I am wondering the meaning for a functor to have a left adjoint or a right adjoint in practice.
Stardard results including Freyd's adjoint functor theorem (preserving colimits or limits) are not really helpful for my understanding. Also, if we have two adjoint functors forming an equivalence, the two categories are completely symmetric. But for adjunction, the unit and counit maps only have natural transformation one way. I want to understand more about this subtlety here.
For example, when I read this wiki page, the inclusion functor $$\iota_{\geq n}: \mathscr{D}_{\geq n}\to \mathscr{D}$$ admits a right adjoint, but the other inclusion functor $$\iota_{\leq n}: \mathscr{D}_{\leq n}\to \mathscr{D}$$ admits a left adjoint. I cannot understand why it is not the reverse way.
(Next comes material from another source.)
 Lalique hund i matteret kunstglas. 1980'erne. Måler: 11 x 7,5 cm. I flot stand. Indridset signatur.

A reformulation of this question could be as follows. Given two functors are adjoint, how can one tell which is the left adjoint and which is the right one?
An example that is still unclear to me is the Kerodon page stating that the nerve functor is right adjoint to the homotopy functor. Why it is not left adjoint?
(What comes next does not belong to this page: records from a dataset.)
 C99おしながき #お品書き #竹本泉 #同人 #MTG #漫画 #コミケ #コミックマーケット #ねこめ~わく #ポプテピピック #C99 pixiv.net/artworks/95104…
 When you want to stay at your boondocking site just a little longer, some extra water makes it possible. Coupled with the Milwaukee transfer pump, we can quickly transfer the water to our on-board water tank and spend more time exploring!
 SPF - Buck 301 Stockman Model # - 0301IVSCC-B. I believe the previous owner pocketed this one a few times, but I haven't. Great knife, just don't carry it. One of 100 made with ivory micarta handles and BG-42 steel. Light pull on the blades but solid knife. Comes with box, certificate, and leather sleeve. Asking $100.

Since this is a general question, the answer does not have to be in the context of $\infty$-categories. For example, the covariant hom functor $\text{Hom}(A,\_)$ has a left adjoint, which is the tensor product, while the contravariant hom functor $\text{Hom}(\_,A): \mathscr{C^{op}}\to \mathscr{D}$ preserves limits, therefore under some conditions has left adjoint which turns out to be the opposite of itself (c.f. here).
I heard from some seniors saying that in practice existence of right adjoint is more common than left adjoint for a functor, so colimits are often preferred. I would be grateful if someone can justify this too.